UCSF has no formal evaluation from the BBB because the charity declined to cooperate, which is generally an indication of trouble. And word is getting around. In Minnesota, UCSF in 2018 agreed to a permanent ban from soliciting in the state at the behest of the Minnesota Attorney General’s Office.

In adjoining Michigan, UCSF is in the second year of a five-year ban on asking for money in the state that the charity agreed to after the state’s Attorney General’s office alleged UCSF “engaged in deceptive solicitations, diverted assets from their intended purpose, and materially misrepresented or omitted information on its renewal solicitation registration.” Apparently, though, it’s okay in the state capital of Lansing for UCSF to use a Michigan fundraiser in Port Huron providing jobs for locals to hit up non-Michigan residents like me with deceptive solicitations so long as they don’t prey upon Michiganers.

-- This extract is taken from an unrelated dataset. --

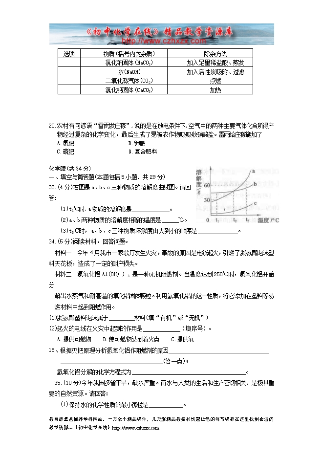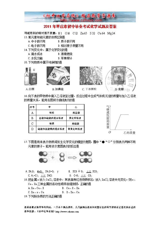 2011年枣庄市初中毕业考试化学试题及答案

Last week, I emailed UCSF recounting many of these points, including the Cancer Fund and Connatser provenance–and asking for comment. I haven’t heard back but will update this post if I do.

Perhaps it was thought that all these morphing name changes would it more difficult for would-be donors to figure out the bigger picture. That certainly could be one reason why Mary Newton told me the fundraiser was in Port Huron when the charity was 575 miles south in Knoxville. In the world of cancer charity fundraising, there’s less baggage in Port Huron.